**Directions**
Given the records below, the lines starting at the line with "Kiyonna Black Gold" and ending at the line with "is possible. |" should be output exactly, both end lines kept and pictures left out.
The records: Begin
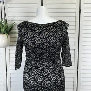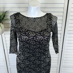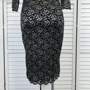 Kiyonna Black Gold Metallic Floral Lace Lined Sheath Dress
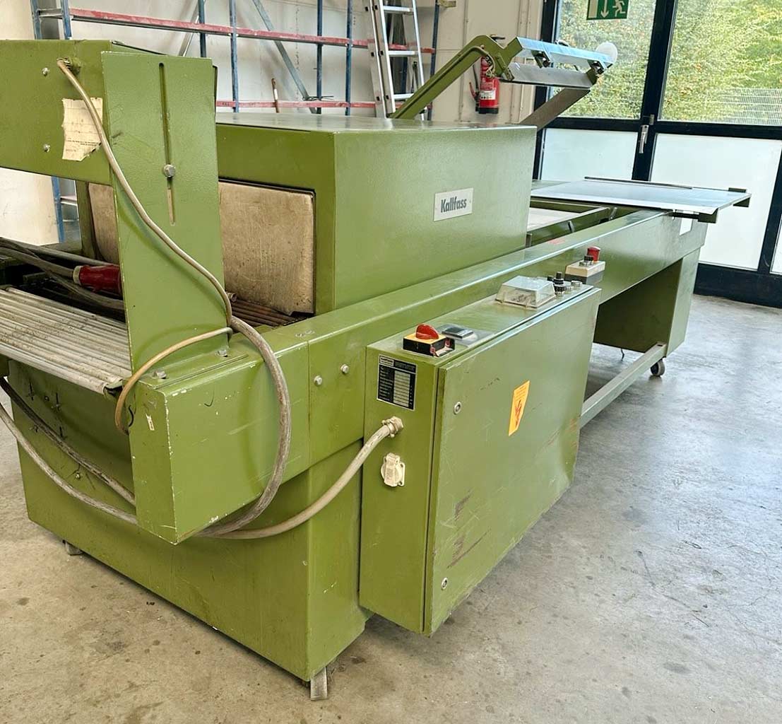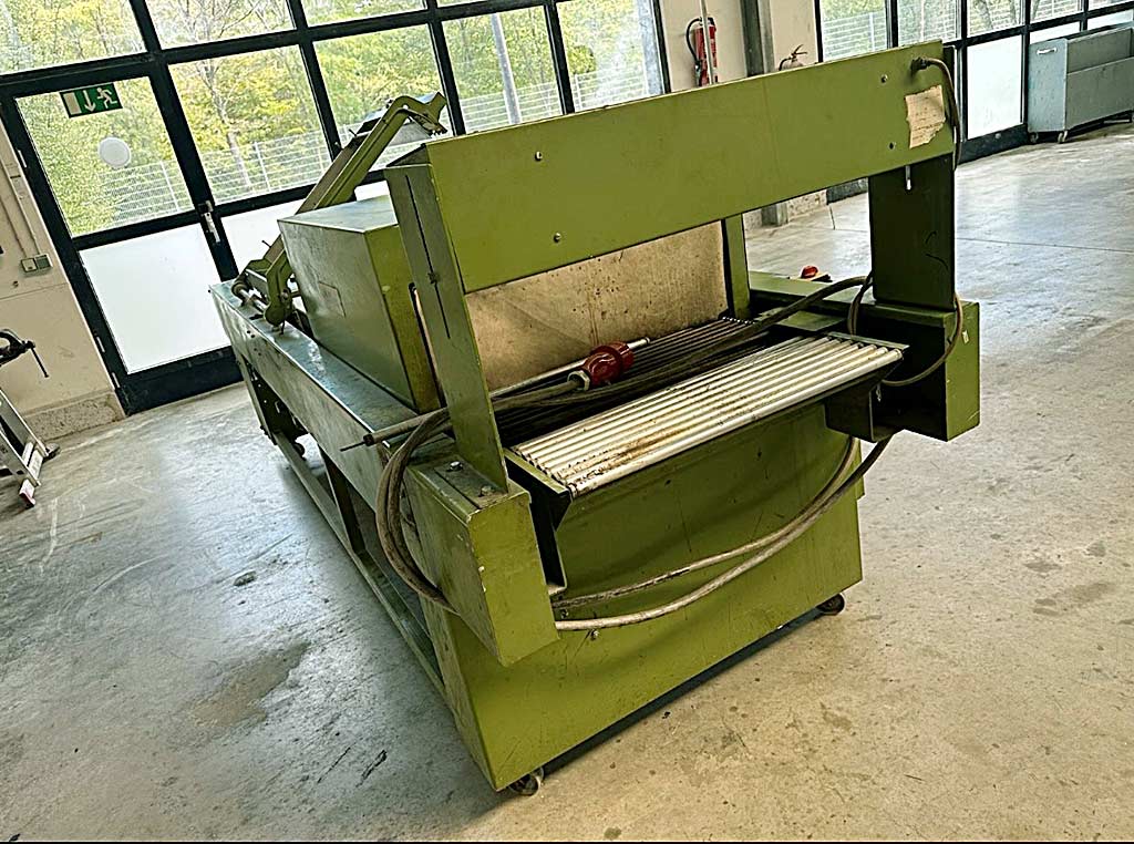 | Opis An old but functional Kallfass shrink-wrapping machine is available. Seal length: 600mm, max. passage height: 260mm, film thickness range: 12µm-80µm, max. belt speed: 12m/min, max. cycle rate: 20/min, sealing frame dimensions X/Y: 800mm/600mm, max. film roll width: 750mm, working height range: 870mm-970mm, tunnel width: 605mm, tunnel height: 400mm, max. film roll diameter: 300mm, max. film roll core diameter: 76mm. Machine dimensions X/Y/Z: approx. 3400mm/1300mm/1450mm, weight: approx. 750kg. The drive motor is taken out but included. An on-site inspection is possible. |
The records: End
The records: Begin
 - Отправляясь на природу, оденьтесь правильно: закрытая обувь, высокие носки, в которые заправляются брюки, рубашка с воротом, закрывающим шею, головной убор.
The records: End
The records: Begin
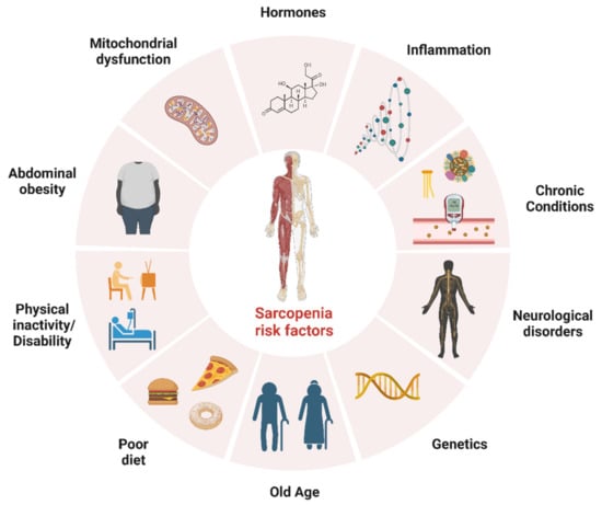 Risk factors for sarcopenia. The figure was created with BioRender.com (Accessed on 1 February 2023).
The records: End
**Solution to this exercise**
 Kiyonna Black Gold Metallic Floral Lace Lined Sheath Dress
 | Opis An old but functional Kallfass shrink-wrapping machine is available. Seal length: 600mm, max. passage height: 260mm, film thickness range: 12µm-80µm, max. belt speed: 12m/min, max. cycle rate: 20/min, sealing frame dimensions X/Y: 800mm/600mm, max. film roll width: 750mm, working height range: 870mm-970mm, tunnel width: 605mm, tunnel height: 400mm, max. film roll diameter: 300mm, max. film roll core diameter: 76mm. Machine dimensions X/Y/Z: approx. 3400mm/1300mm/1450mm, weight: approx. 750kg. The drive motor is taken out but included. An on-site inspection is possible. |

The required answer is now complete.